When I tried uploading the attached spreadsheet to WDTK (for https://github.com/mysociety/whatdotheyknow-theme/issues/667) I keep getting '504 Gateway Time-out'.

image

This happens whether I choose the dry run or upload options.

It also happened on my test file of 1 body, although after a couple of attempts that loaded.

While not a big issue in this case and I can update the 15 bodies manually, if it were a bigger spreadsheet with more updates it would be more problematic.

Constabularies.zip

After reading the above log entries, I tried deleting the tag_string column and uploading again. I encountered the same error.

MattK1234 avatar Mar 30 '20 11:03 MattK1234

When I tried uploading the attached spreadsheet to WDTK (for mysociety/whatdotheyknow-theme#667) I keep getting '504 Gateway Time-out'.

image

This happens whether I choose the dry run or upload options.

Oddly, I don't seem to be able to reproduce this - the file you have attached appears to work okay when pushing as a dry run (with either add or update tags chosen). image

What browser are you using @MattK1234?

mdeuk avatar Mar 30 '20 11:03 mdeuk

What browser are you using @MattK1234?

Ah! Didn't think of that! Microsoft Edge 18.

Please do upload it if it allows you to do so. I was using the existing tags option, I haven't made any changes to the tags on this file, just added short names.

MattK1234 avatar Mar 30 '20 11:03 MattK1234

I'm going to download Chrome and see what happens. Never had it installed on this machine and never bothered to do so before!

On Mon, 30 Mar 2020, 12:17 Martyn Dewar, [email protected] wrote:

When I tried uploading the attached spreadsheet to WDTK (for mysociety/whatdotheyknow-theme#667 https://github.com/mysociety/whatdotheyknow-theme/issues/667) I keep getting '504 Gateway Time-out'.

[image: image] https://user-images.githubusercontent.com/47503358/77905261-d6e48380-727d-11ea-8d82-d7bec40cbf1f.png

This happens whether I choose the dry run or upload options.

Oddly, I don't seem to be able to reproduce this - the file you have attached appears to work okay when pushing as a dry run (with either add or update tags chosen). [image: image] https://user-images.githubusercontent.com/249418/77906605-22982c80-7280-11ea-9b1c-7d4ed1c0bcc1.png

What browser are you using @MattK1234 https://github.com/MattK1234?

— You are receiving this because you were mentioned.

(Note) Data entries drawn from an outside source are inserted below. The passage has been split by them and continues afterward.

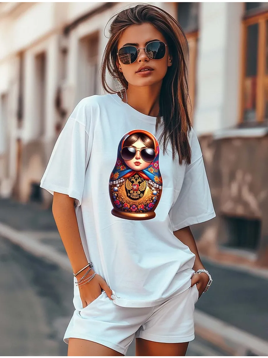 Представляем вашему вниманию уникальную футболку с матрешкой, которая станет ярким акцентом в вашем гардеробе. Эта футболка прямого кроя идеально подходит для любителей оригинальных вещей, подчеркивающих национальную символику России. Изготовленная с помощью современной дтф печати, она отличается высоким качеством изображения и долговечностью.
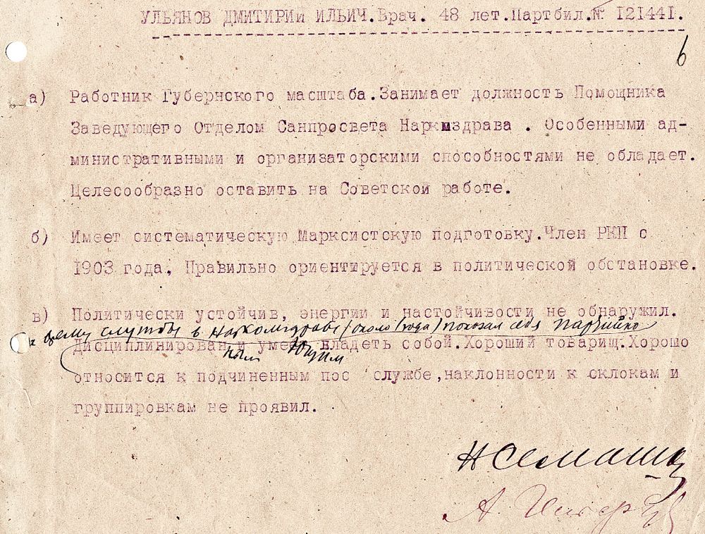 Проблем хватало: о них он не раз доверительно писал сестре Марии Ильиничне (док. 3, 5-6, 10). Местные здравотделы неохотно подчинялись распоряжениям Центра (док. 7), имеющиеся курортно-санаторные ресурсы не справлялись с числом прибывающих больных, Совет труда и обороны пытался изъять его рабочий автомобиль (док. 8-9), а близ Алупки в ходе служебной поездки машина Дмитрия Ильича подверглась нападению "зеленых"10. Наконец, сказывалось пристрастие Ульянова-младшего к спиртному, которое стало предметом обсуждения на заседании президиума Крымского обкома и в конечном счете привело к отзыву его в Москву11.
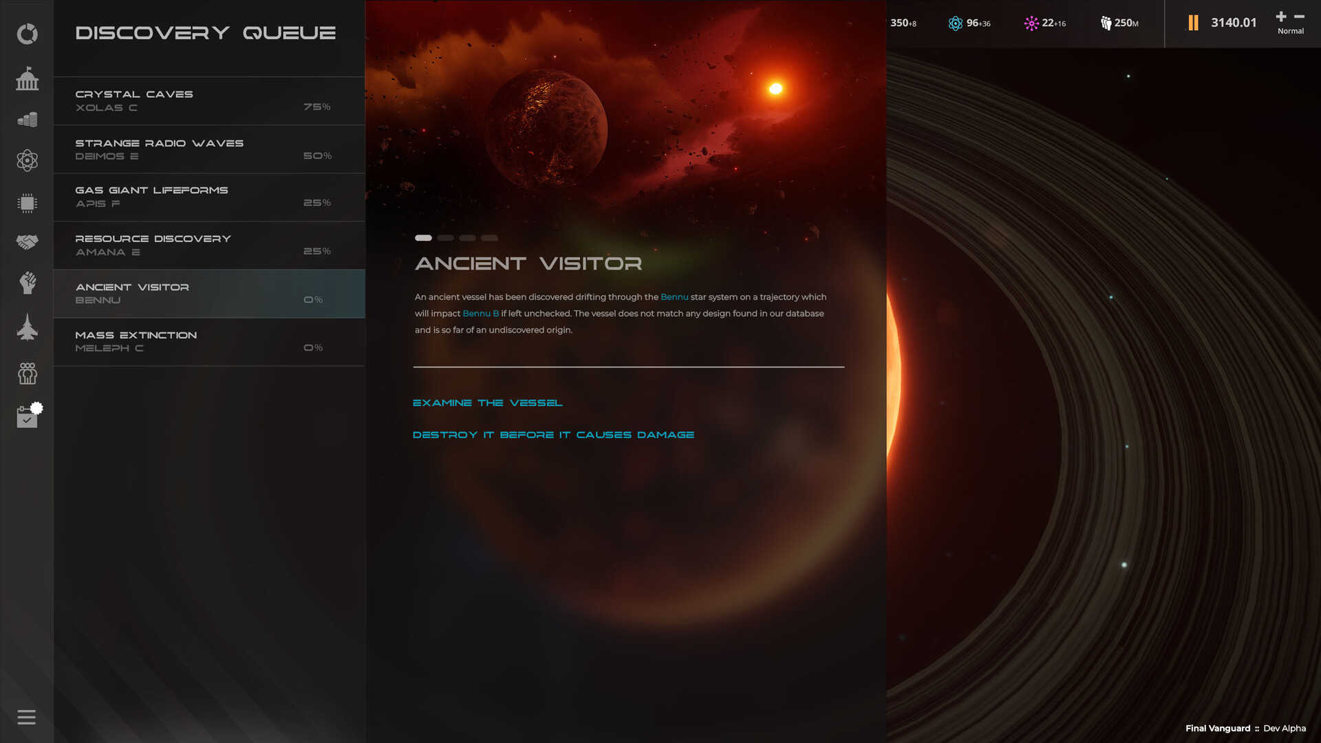 Final Vanguard is a real-time with pause grand strategy game in the 4x genre. You play in the role of an emperor, guiding your civilization and its people forward. The decisions you make and the interactions you have with other races within the cosmos will determine if your civilization thrives or perishes.
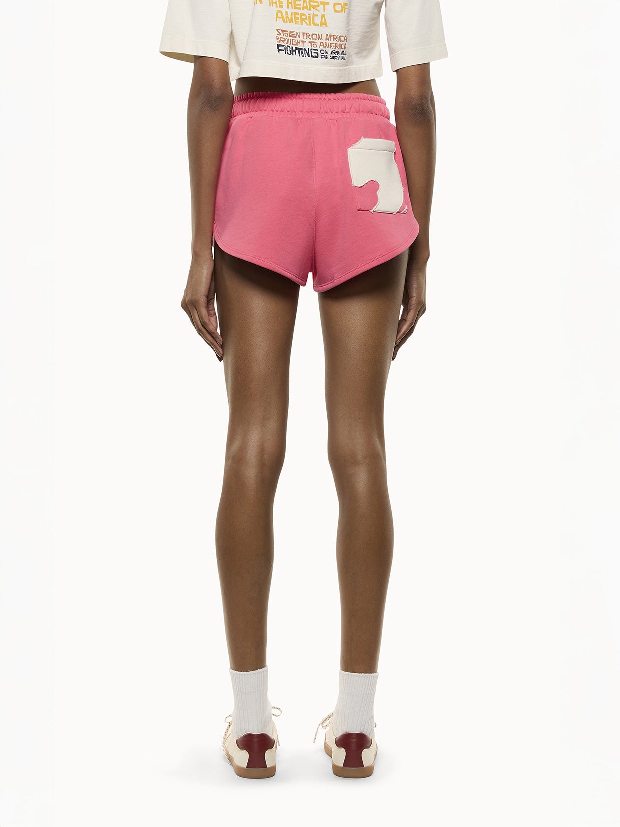 Shorts in felpa di cotone tinta unita, si presentano con una silhouette sgambata e una vita alta con elastico e coulisse logata. Dettaglio sul retro con tasca multicolor.

Reply to this email directly, view it on GitHub https://github.com/mysociety/alaveteli/issues/4078#issuecomment-605939744, or unsubscribe https://github.com/notifications/unsubscribe-auth/ALKNP7XFMZXDOJXWKAG4QUDRKB5WDANCNFSM4DROPXEA .

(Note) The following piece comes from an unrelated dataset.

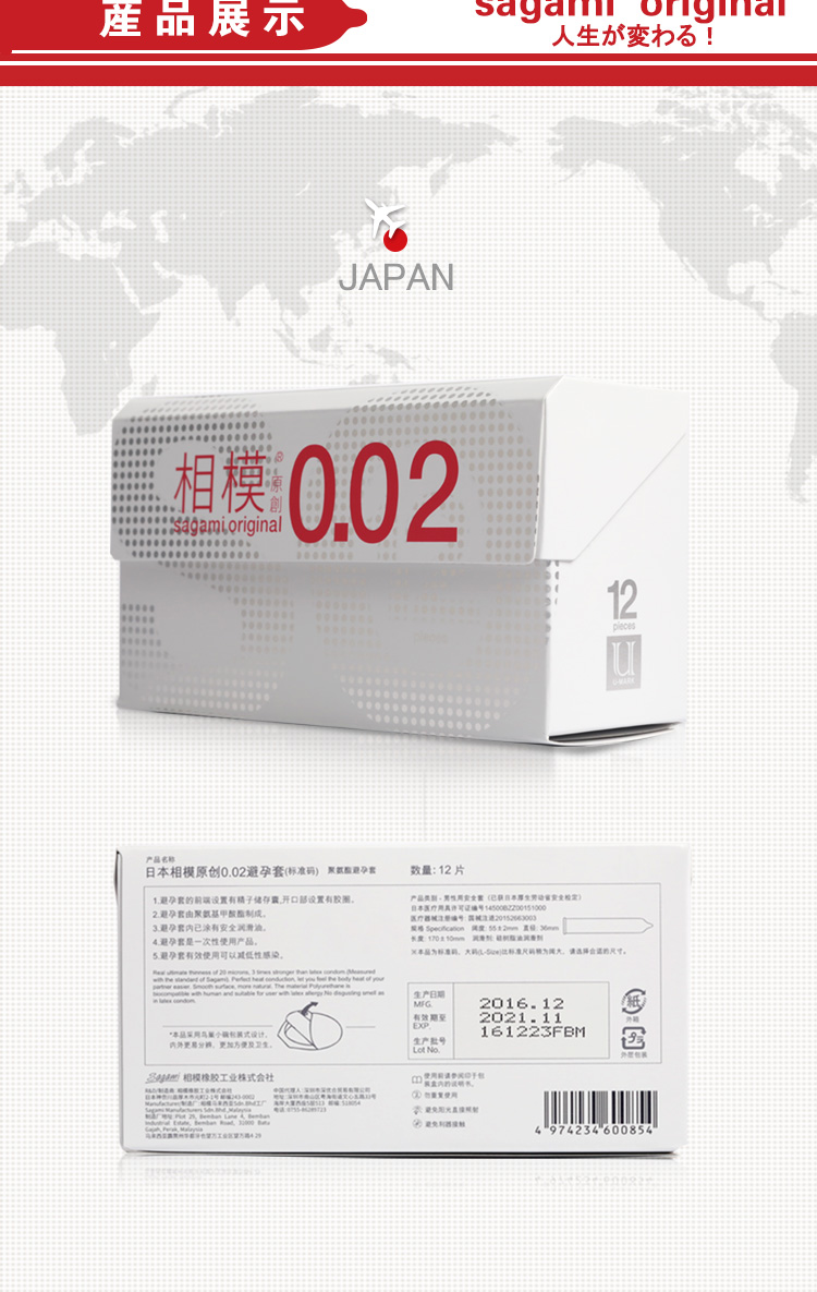 相模sagami002超薄安全套12只/盒日本进口

MattK1234 avatar Mar 30 '20 11:03 MattK1234

I've now been able to upload the csv file successfully using Google Chrome. It seems the import doesn't like Microsoft Edge for some reason.

MattK1234 avatar Mar 30 '20 11:03 MattK1234

Wrong CR,LF?

It would be good to have a clear error message if line break formatting is the issue, ideally with a hint on how to address it (try and find a way to save the file with "Unix Style" line breaks presumably)

RichardTaylor avatar Aug 08 '21 17:08 RichardTaylor

The RFC says CSVs should use CRLF.

garethrees avatar Aug 09 '21 12:08 garethrees

Another idea, a checkbox for "don't create new bodies".

Use case - I have a list of bodies, by name, which I want to add a new tag to.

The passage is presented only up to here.